CHARACT OF SPECIFICITY OF ANTIBODIES TO TRYPSINOGEN ACTIVATION PEPTIDE LE

胰蛋白酶原激活肽Le抗体的特异性特征

• 批准号: 6118316
• 负责人: JAMES H GRENDELL
• 金额: $ 0.09万
• 依托单位: ROCKEFELLER UNIVERSITY
• 依托单位国家: 美国
• 财政年份: 1998
• 资助国家: 美国
• 起止时间: 1998-12-10 至 1999-11-30
• 项目状态: 已结题
• 来源: https://reporter.nih.gov/project-details/6118316
• 关键词: biomedical resource; human tissue; mental disorders; spectrometry

Antibodies to trypsinogen activation peptide (TAP) are potentially of great value as a marker for studying the intracellular processing of trypsinogen (TG) to trypsin in the early stages of acute pancreatitis. However this requires that these antibodies have a very high selectivity for TAP compared to the much more plentiful TG in the acinar cell. Antibodies to TAP were generated by immunizing rabbits with a synthetic peptide containing the N-terminal of rat TG (LPLDDDDDK) coupled to thyroglobulin. Antibodies were affinity purified employing either the peptide used for immunization or its C-terminal 5 amino acid (DDDDK). The resulting antibody preparations were designated AB9 and AB5 respectively. On immunoblot, AB5 recognized TG at a level only about 5% of that observed with AB9. Because of the potential limitations of ELISA resulting from breakdown of TG in aqueous solution with exposure of the TAP epitope, the specificities of the antibodies were confirmed using mass spectrometry to precisely analyze the molecular masses of the immunoprecipitated products involving AB9, AB5, or commercially available rabbit anti-TG antibodies, following binding of these products to the protein A agarose beads. Compared to results of immunoprecipitation of TG with rabbit anti-TG antibody, binding of TG by AB9 was substantially less; and AB5 binding to TG was markedly reduced further compared to that with AB9. In competitive binding experiments with equal molar amounts of TG and a peptide containing the TAP epitope, no binding of AB5 to TG was detected. Using the immunoprecipitation/mass spectrometry cont... approach to establish antibody selectivity, we have determined that generation of antibodies that demonstrate considerable selectivity for TAP over TG requires affinity purification with a short peptide immediately adjacent to the TG activation site to reduce recognition of the far N-terminal of TG. S.M. Chepilko, T. Otani, F.S. Gorelick, L. Mazzrrelli, R. Wang, and J.H. Grendell (1997), Pancreas 15(4), 431.

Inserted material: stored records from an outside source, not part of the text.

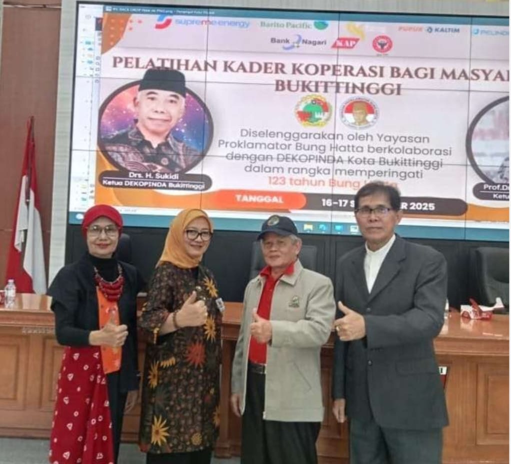 Bukittinggi, BDI – Amruh Kumandang dan Susi Djalal merupakan dua dari sejumlah pakar yang duduk dewan Koperasi Indonesia Daerah yang dipercaya menjadi nara sumber dan coaching dalam mengenang 123 tahun Bung Hatta dengan menggelar kegiatan pelatihan bertema Entrepreneurship dan Mindset enterpreneur didukung DEKOPINDA Kota Bukittinggi yang dihadiri 70 kader dan pegiat, serta pengurus koperasi berlangsung di Aula Kantor Balai Kota Bukittinggi pada hari Selasa-Rabu, (16-17 September 2025).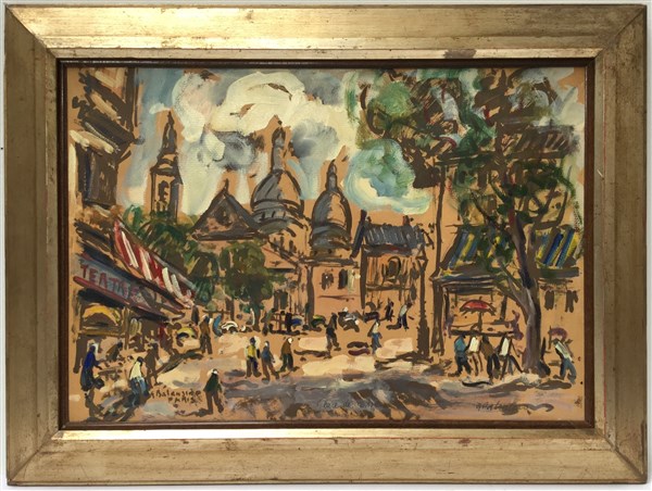 "Parigi" tecnica mista su tela (cm 45x65) firmato in basso a sinistra, in cornice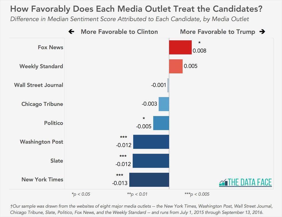 Along the lines of trustworthy news, it seems today that news has a bias towards informing individuals on what is true and what is not. News today defends or attacks politicians that news anchors deem as liars. News agencies with opposing viewpoints battle it out to reach the most viewers and align their political interests with whatever side they claim to be is most honest. The United State's latest election is a critical point for discussing media bias. "The Washington Post" compiled this infographic to display some of the United State's biggest media companies and their interpreted bias: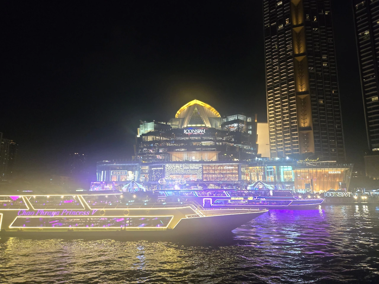 그런데 그 모든 수고가 무색할 만큼 크루즈는 상상 이상으로 아름다웠다. 찬란하게 반짝이는 짠내 어린 강바람 위에서 우리는 정성스레 준비된 저녁을 즐기며 방콕의 밤을 천천히 흘러갔다. 특히, 아이콘 시암에서 펼쳐지는 웅장한 물쇼, 강가를 배경으로 펼쳐진 태국 사원들의 실루엣, 그리고 송크란을 기념한 드론쇼까지 마치 한 편의 공연을 보는 듯한 밤이었다.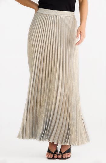 Accordion pleats add eye-catching dimension to a shimmery maxi skirt that's sure to elevate any look.
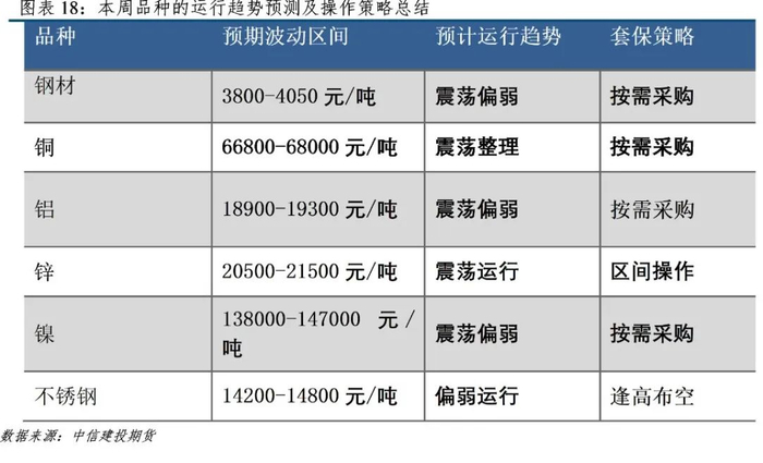 行情展望:宏观情绪改善,基本面偏弱。预计12合约下周波动区间18900-19300元/吨,操作上,区间内高抛低吸。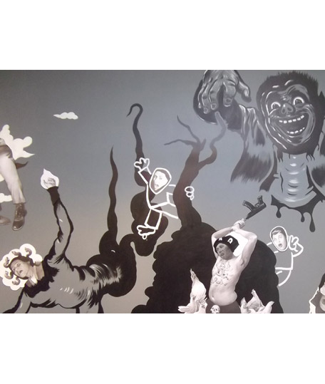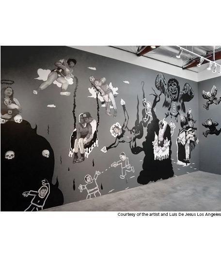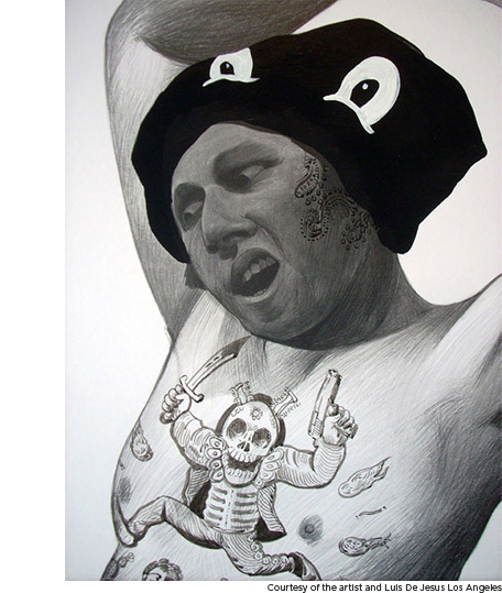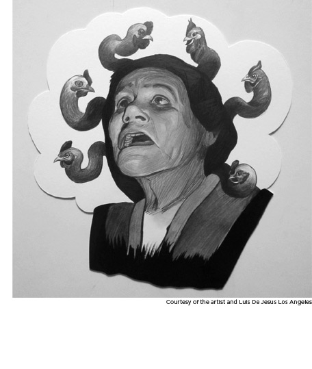 narco wealth. Mixed with these foibles and idiosyncrasies are people that appear to be always in transition, crossing or waiting to cross a socio-political and economic border to perceived “greener pastures.” These drawings are my satirical fantasies: Tijuana as a place of purgatory. Horribly real, humorously weird and often bizarre, there is a complicity and an acceptance that one can grow accustomed to anything as long as there is a deal to make and money to be made.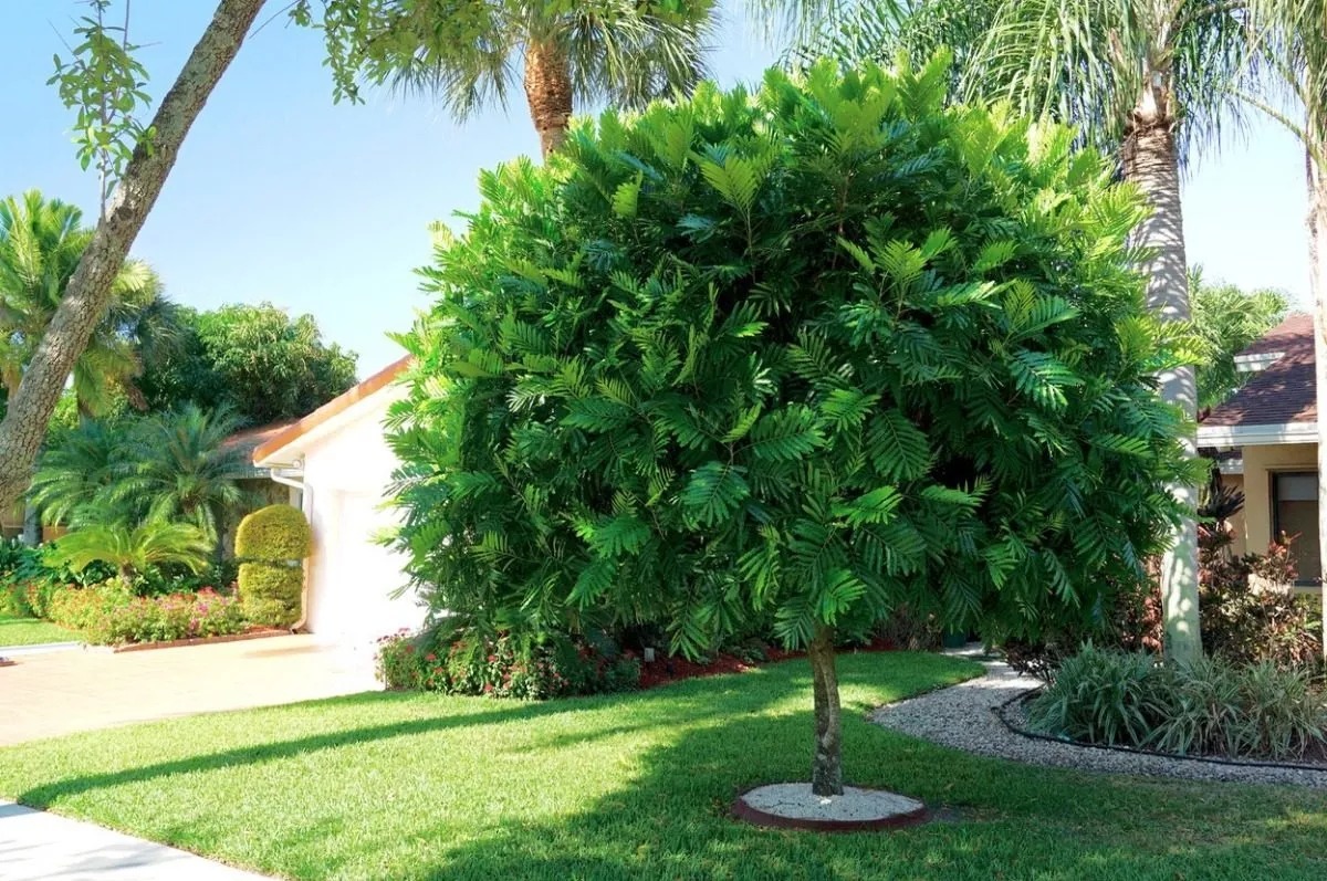 Originária da Índia e do Sri Lanka, esta árvore pode crescer até 7 metros de altura, e encanta com suas folhas compostas por pequenas folhinhas verdes.
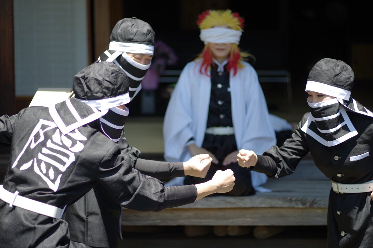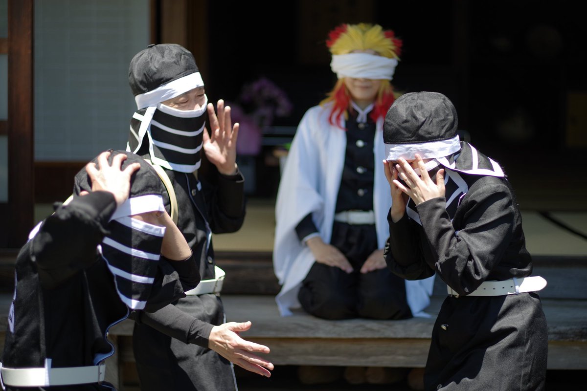 cos/鬼滅の刃 ~隠の日常~ 『煉獄隊士を 刀鍛治の里へお連れする①』 誰が背負うか……決まらないっ!! 🔥「まだかっ!?」 📷:サトーさん 🏠:art spaceほんたく様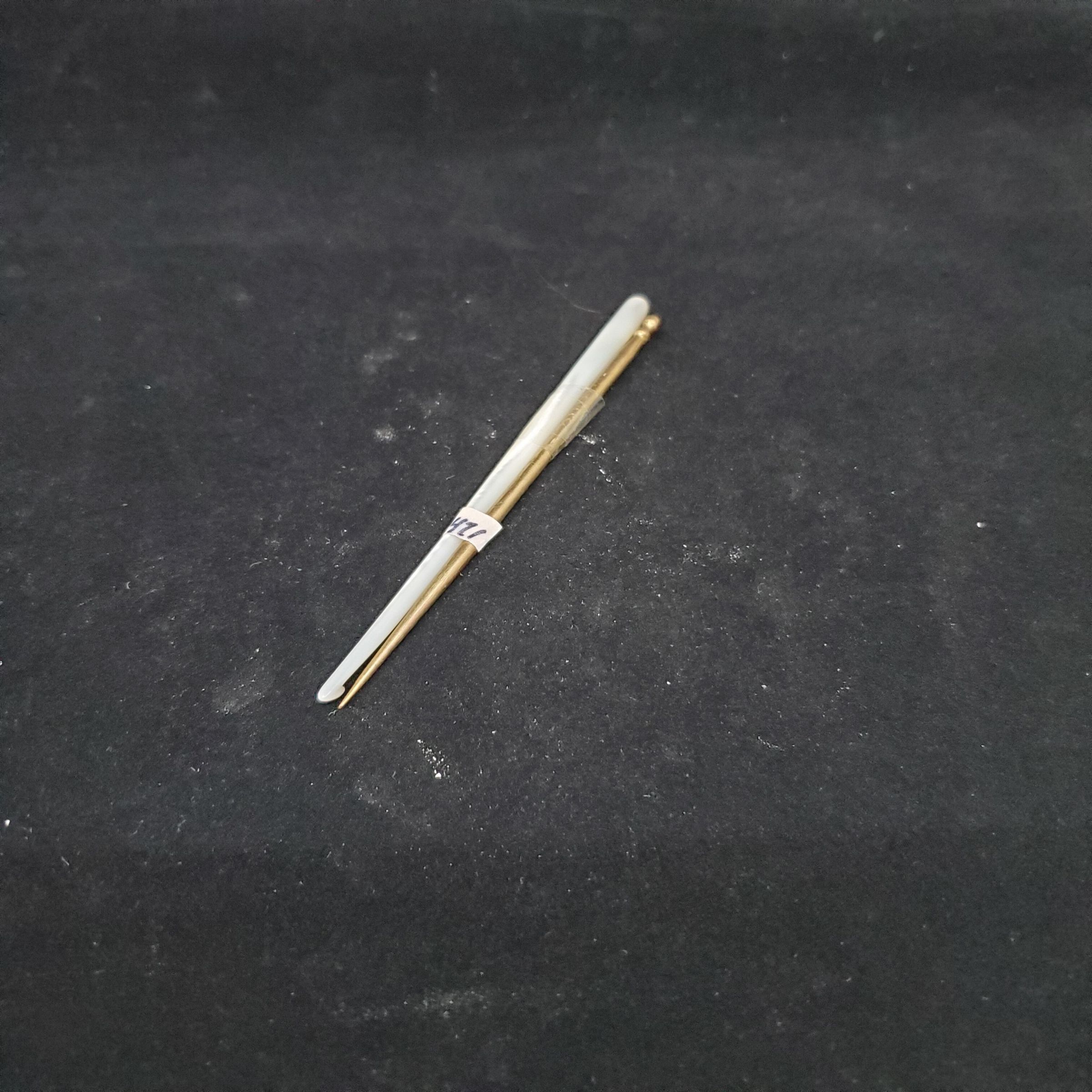 2 crochet hooks.1) Brass with line and scroll pattern in middle area. 2 knobs at top. Fine hook. No marks. 2) Mother of Pearl - Hook at one end.No marks.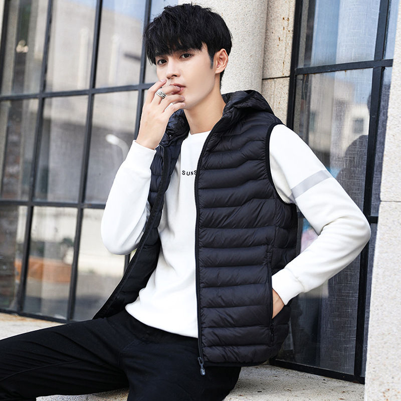 跨境轻薄男士棉马甲秋冬新款连帽保暖背心坎肩纯色马夹休闲外套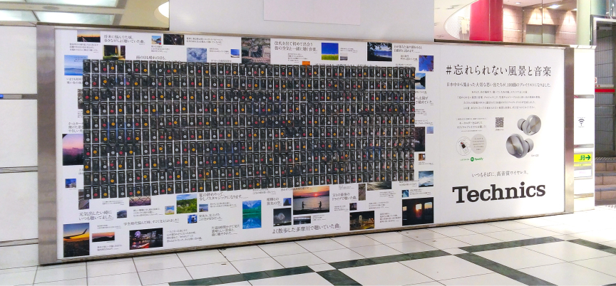松下旗下音響品牌Technics在新品全無線耳機EAH-AZ80推出之際,于東京地鐵新宿站和大阪梅田廣場設立了一塊可剝離的廣告牌,上面貼有千枚音樂鑰匙扣,邀請人們聆聽向大眾征集的、帶有特殊回憶的音樂歌單。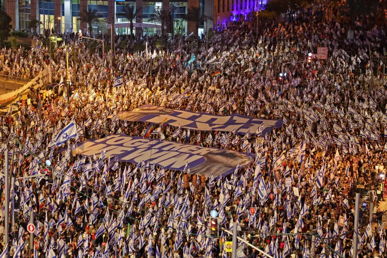 Οι μαζικές διαδηλώσεις, που συγκέντρωσαν περίπου 100.000 άτομα το Σάββατο, ξεκίνησαν τον Ιανουάριο λίγο μετά την ορκωμοσία της ακροδεξιάς κυβέρνησης του Νετανιάχου.
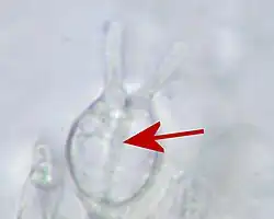 Phragmobasidie mit Längsseptum (roter Pfeil)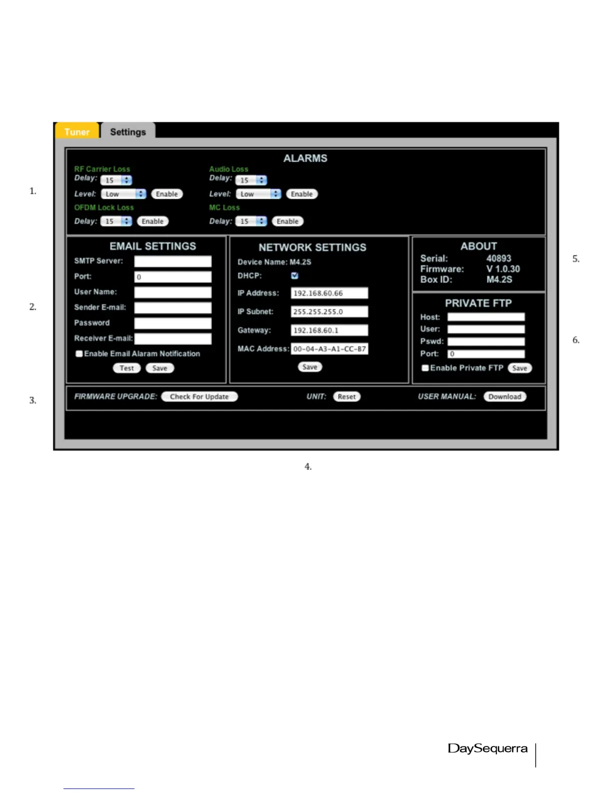 2. Email Settings window – configures the M4.2S for email alerts when Alarm conditions become
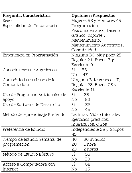La tabla 1 presenta el perfil de los estudiantes y sus preferencias de aprendizaje, obtenidas mediante un cuestionario inicial aplicado para diseñar materiales interactivos con H5P. La muestra incluyó 38 mujeres y 45 hombres de diversas especialidades, con la mayoría reportando poca o ninguna experiencia en programación. Las preferencias de aprendizaje variaron, destacando lecturas, videotutoriales y ejercicios prácticos. La mayoría tenía acceso a computadoras con internet, y preferían estudiar en grupos.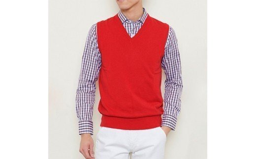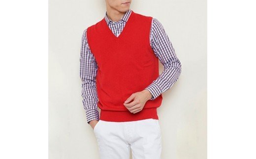 日本製 カシミヤ100% Vベスト 赤 Mサイズ×1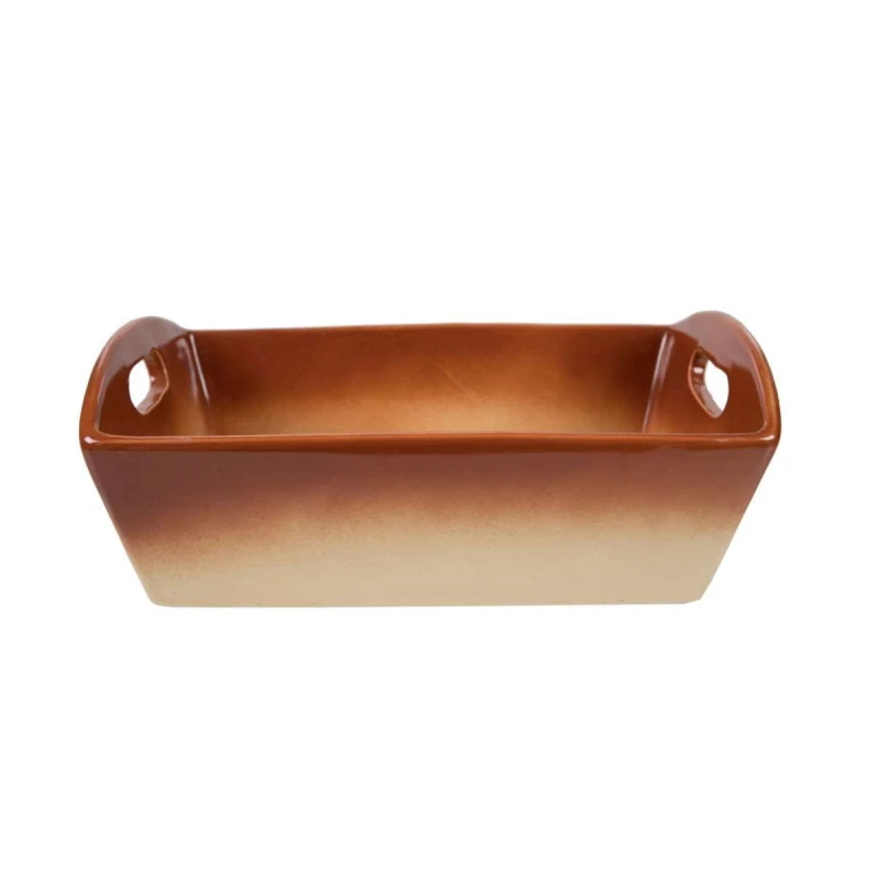 Ψωμιέρα πυράντοχης πορσελάνης Διόνυσος σε μπεζ - καφέ χρώμα από την Art Et Lumiere - Διαστάσεις: 24x15,5x7,5εκ.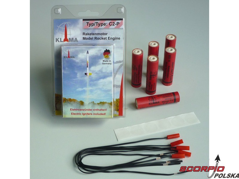 Opakowanie zawiera 6 silników rakietowych Klima C2-P EL, wraz z zapalnikami elektrycznymi, instrukcje użytkowania.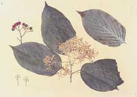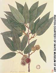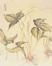 Mizutani Sukeroku (1779-1833), a Japanese scientist with no great artistic skill, fulfilled the botanical requirements very effectively by adopting the European "natural printing" technique, whereby an electric current was applied to an object to galvanize its image onto a metal printing plate. Mizutani made prints of leaves, which he supplemented with hand-drawn details of the flower- and fruit-bearing stages. His stark graphic images testify to the Japanese compositional sense -- and to the country's long tradition of printmaking.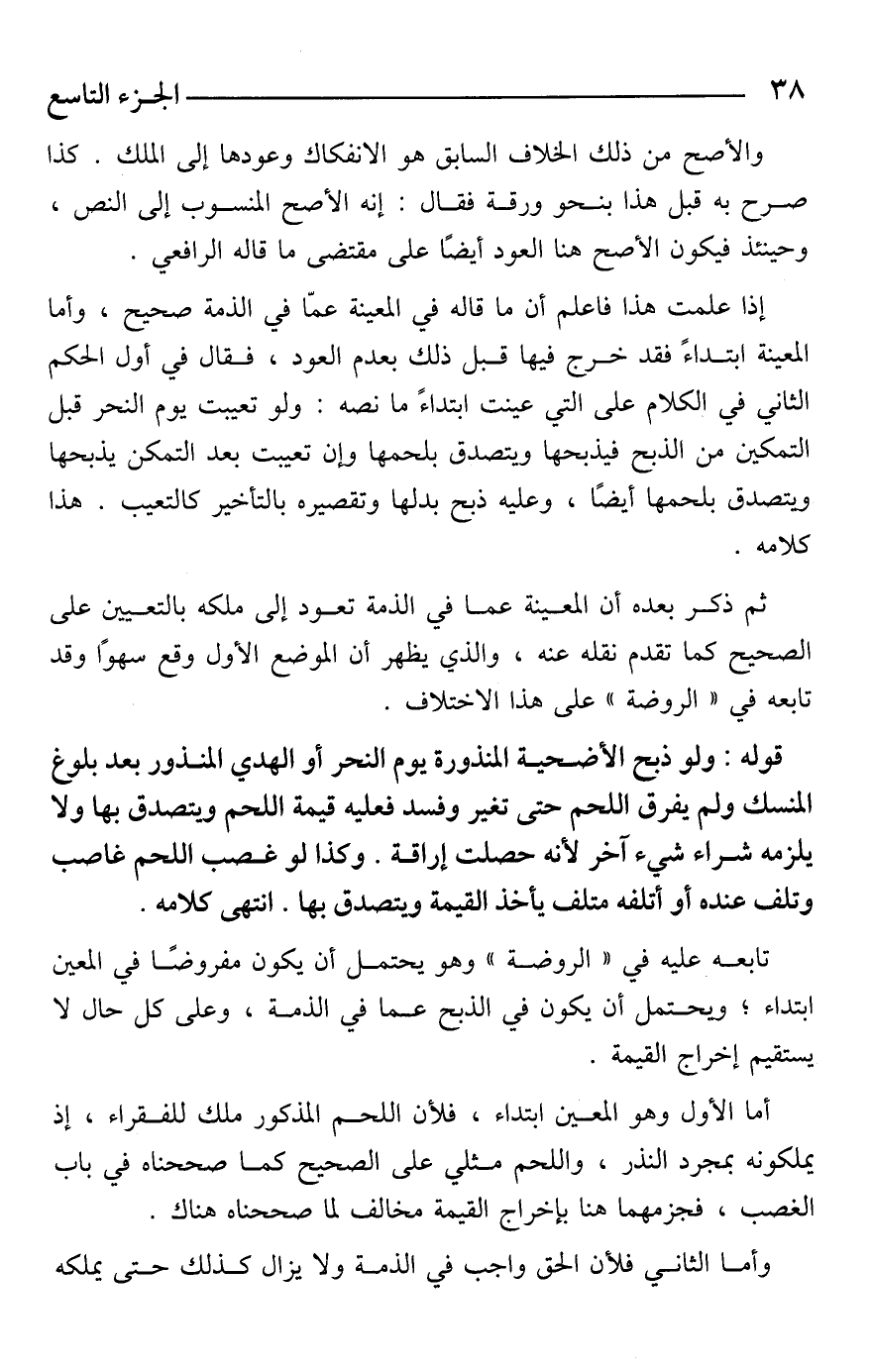 إذا علمت هذا فاعلم أن ما قاله في المعينة عمّا في الذمة صحيح، وأما المعينة ابتداءً فقد خرج فيها قبل ذلك بعدم العود، فقال في أول الحكم الثاني في الكلام على التي عينت ابتداءً ما نصه: ولو تعيبت يوم النحر قبل التمكين من الذبح فيذبحها ويتصدق بلحمها وإن تعيبت بعد التمكن يذبحها ويتصدق بلحمها أيضًا، وعليه ذبح بدلها وتقصيره بالتأخير كالتعيب. هذا كلامه.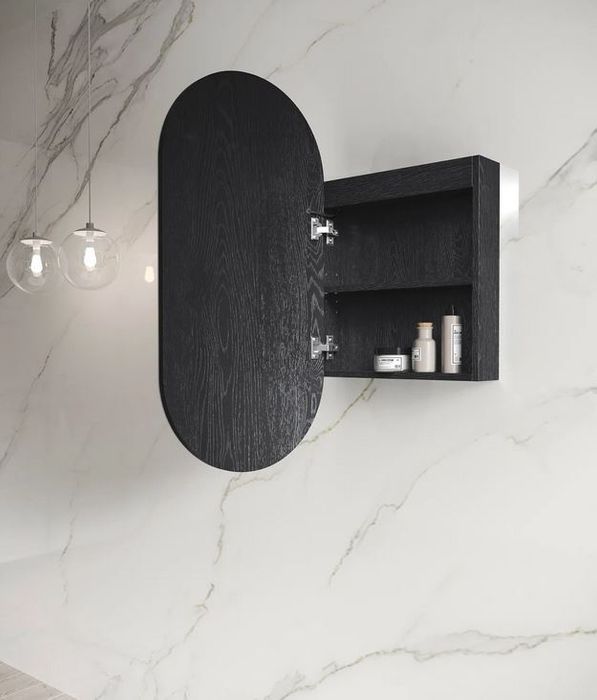 LED Noosa Pill Shape Shaving Cabinet Black Oak

胰蛋白酶原激活肽（TAP）的抗体可能是 作为研究细胞内加工的标记物具有重要价值 胰蛋白酶原（TG）的胰蛋白酶在急性 胰腺炎 然而，这需要这些抗体具有非常 高选择性TAP相比，更丰富的TG在 腺泡细胞 免疫家兔制备抗TAP抗体 用含有大鼠TG N-末端的合成肽 （LPLDDDDDK）偶联甲状腺球蛋白。 抗体亲和力 使用用于免疫的肽或其 C-末端5个氨基酸（DDDDK）。 所得抗体制剂 分别命名为AB 9和AB 5。 在免疫印迹上，AB 5 识别TG的水平仅为用AB 9观察到的水平的约5%。 由于酶联免疫吸附试验的潜在局限性， 在暴露TAP表位的情况下， 使用质谱法确认抗体的特异性 为了精确分析免疫沉淀物的分子量， 涉及AB 9、AB 5或市售兔抗TG的产品 抗体，在这些产物与蛋白A结合后 琼脂糖珠。 与TG免疫沉淀的结果相比， 兔抗TG抗体，TG与AB 9的结合显著较少; AB 5与TG的结合进一步显著降低， 在AB 9 在等摩尔量的竞争性结合实验中 TG和含有TAP表位的肽，AB 5与 检测TG。 使用免疫沉淀/质谱法 我... 建立抗体选择性的方法，我们有 确定产生的抗体显示出相当大的 TAP相对于TG的选择性需要亲和纯化， 与TG活化位点紧邻的短肽， TG的远N-末端的识别。 S.M. Chepilko，T.大谷 F.S.戈雷利克湖马兹雷利河Wang和J.H. Grendell（1997年）， 胰腺15（4），431。